**Your instructions**: Without including any picture, write out the entries exactly as they stand.

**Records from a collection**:
Content starts
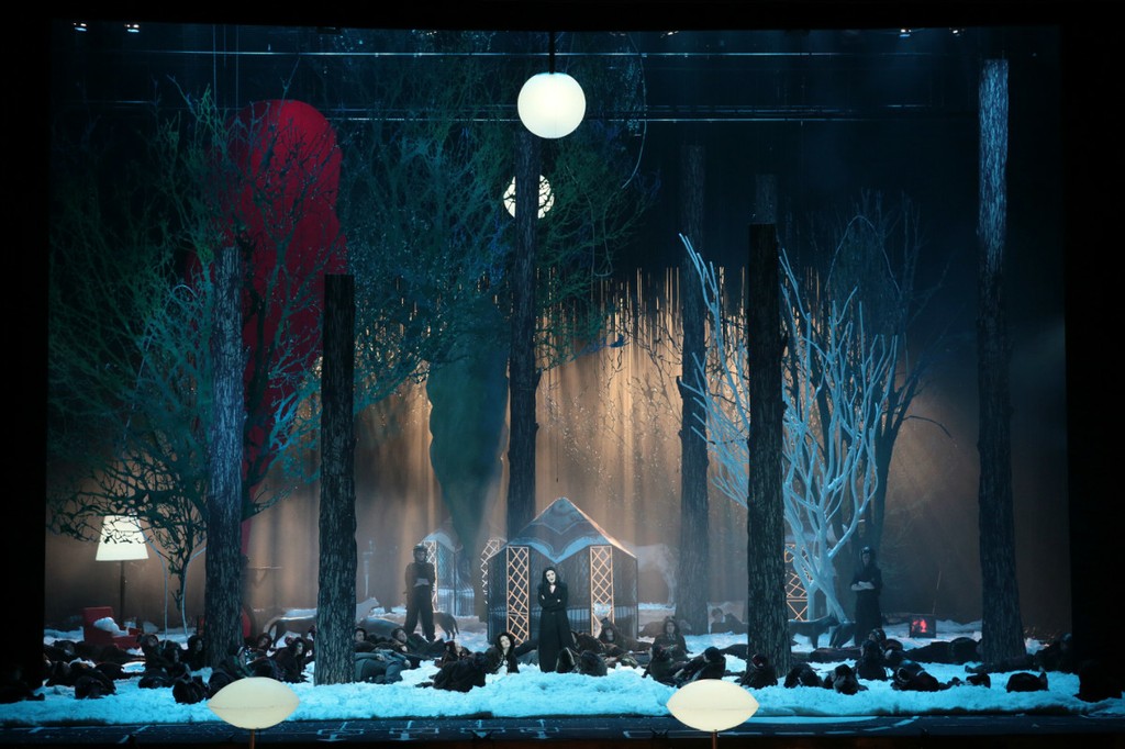 притягивали внимание различные электрифицированные конструкции — силуэты деревьев, чукотские чумы (которые оформляли «вечеринку с танцами в национальном стиле» после антракта) и пр. В общем-то, на сцене было что порассматривать в моменты, когда звук плохо слышен или неразборчив (а такое, увы, случалось не один раз), но общее впечатление оставалось гнетущее.
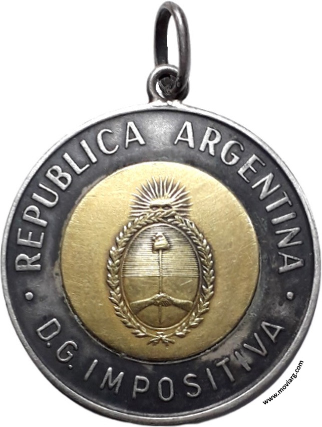 Anverso: REPUBLICA ARGENTINA / D. G. IMPOSITIVA Reverso: RECONOCIMIENTO / POR / [ 25 ] / AÑOS DE SERVICIO / [ N. E. RODRIGUEZ ] / [ 1978 ]. Exergo: [ 900 ] / [ 18K ] Referencia: | |
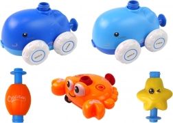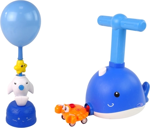 Choisissez d’abord un ballon selon la couleur et placez-le sur la voiture. Ensuite, connectez la voiture au lanceur en forme de dauphin et, à l’aide du levier, gonflez le ballon. Une fois le ballon gonflé, appuyez sur le bouton GO du lanceur et la voiture sera propulsée vers l’avant. Observez la vitesse à laquelle elle traverse la pièce. Vous pouvez choisir des voitures en forme d’animaux marins, comme le dauphin ou le crabe.
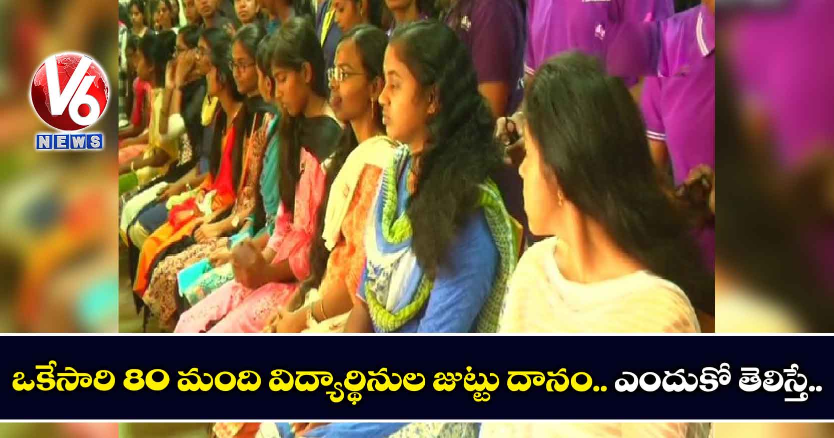 కోయంబత్తూర్లోని ఓ ప్రైవేట్ కాలేజీకి చెందిన 80 మంది విద్యార్థినులు తమ జుట్టు దానం చేయడానికి ముందుకొచ్చారు. వీరంతా ఎందుకు జుట్టు దానం చేస్తున్నారో తెలుసా? క్యాన్సర్ బారినపడి జుట్టు కోల్పోయిన ఆడవాళ్ల కోసం తమ జుట్టు ఇవ్వాలని వీరంతా ఈ నిర్ణయం తీసుకున్నారు. ఈ జుట్టుతో విగ్స్ తయరుచేసి వారికి ఇవ్వవచ్చనేది వారి ఆలోచన.
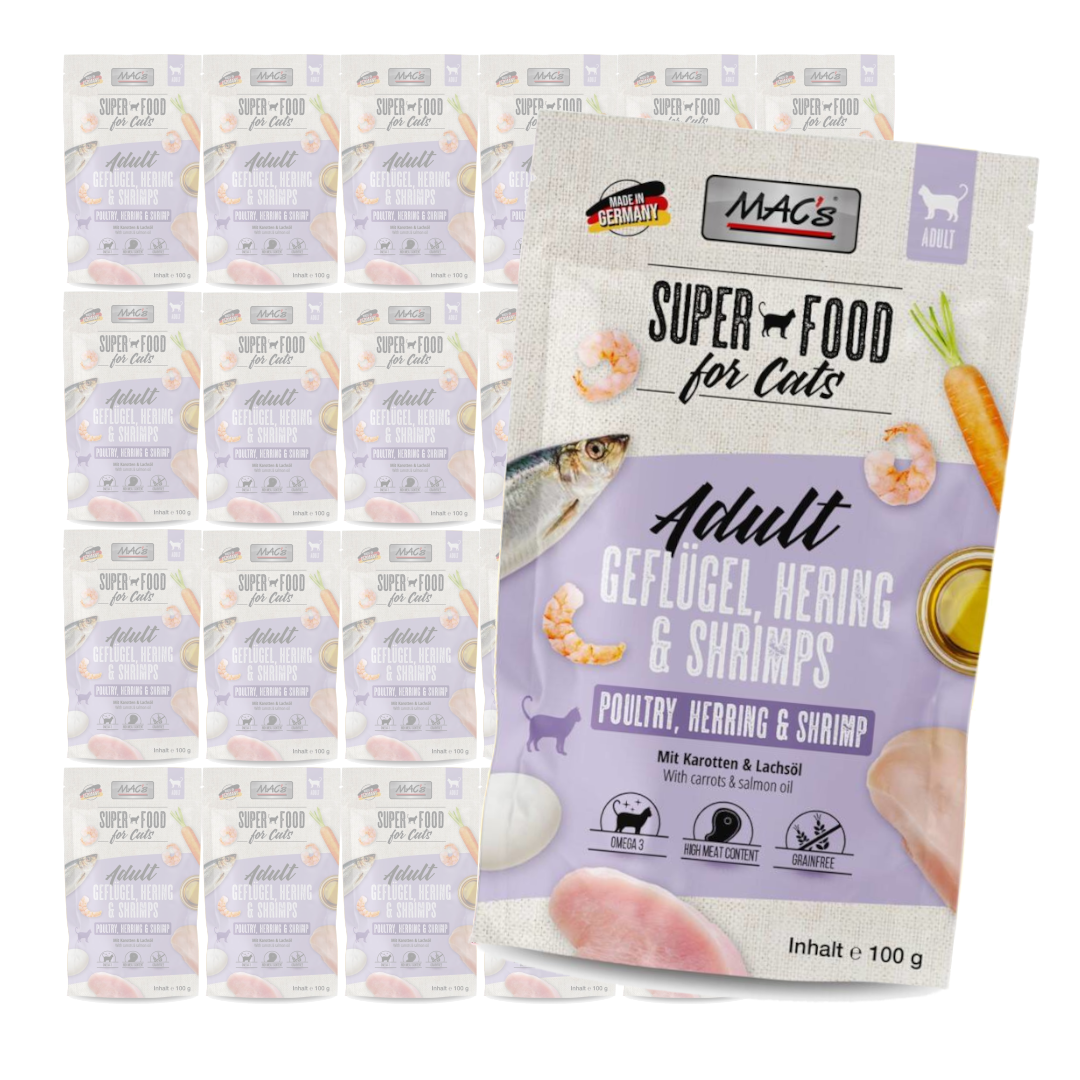 Poultry, Herring & Shrimp firmy MAC to karma nr 1 dla każdego kota domowego, który uwielbia ryby i owoce morza. Ta specjalna receptura została wzbogacona olejem z łososia, który jest bogaty w nienasycone kwasy tłuszczowe omega i zapewnia błyszczącą sierść i zdrową skórę.
Content ends
**Reply**:
 притягивали внимание различные электрифицированные конструкции — силуэты деревьев, чукотские чумы (которые оформляли «вечеринку с танцами в национальном стиле» после антракта) и пр. В общем-то, на сцене было что порассматривать в моменты, когда звук плохо слышен или неразборчив (а такое, увы, случалось не один раз), но общее впечатление оставалось гнетущее.
 Anverso: REPUBLICA ARGENTINA / D. G. IMPOSITIVA Reverso: RECONOCIMIENTO / POR / [ 25 ] / AÑOS DE SERVICIO / [ N. E. RODRIGUEZ ] / [ 1978 ]. Exergo: [ 900 ] / [ 18K ] Referencia: | |
 Choisissez d’abord un ballon selon la couleur et placez-le sur la voiture. Ensuite, connectez la voiture au lanceur en forme de dauphin et, à l’aide du levier, gonflez le ballon. Une fois le ballon gonflé, appuyez sur le bouton GO du lanceur et la voiture sera propulsée vers l’avant. Observez la vitesse à laquelle elle traverse la pièce. Vous pouvez choisir des voitures en forme d’animaux marins, comme le dauphin ou le crabe.
 కోయంబత్తూర్లోని ఓ ప్రైవేట్ కాలేజీకి చెందిన 80 మంది విద్యార్థినులు తమ జుట్టు దానం చేయడానికి ముందుకొచ్చారు. వీరంతా ఎందుకు జుట్టు దానం చేస్తున్నారో తెలుసా? క్యాన్సర్ బారినపడి జుట్టు కోల్పోయిన ఆడవాళ్ల కోసం తమ జుట్టు ఇవ్వాలని వీరంతా ఈ నిర్ణయం తీసుకున్నారు. ఈ జుట్టుతో విగ్స్ తయరుచేసి వారికి ఇవ్వవచ్చనేది వారి ఆలోచన.
 Poultry, Herring & Shrimp firmy MAC to karma nr 1 dla każdego kota domowego, który uwielbia ryby i owoce morza. Ta specjalna receptura została wzbogacona olejem z łososia, który jest bogaty w nienasycone kwasy tłuszczowe omega i zapewnia błyszczącą sierść i zdrową skórę.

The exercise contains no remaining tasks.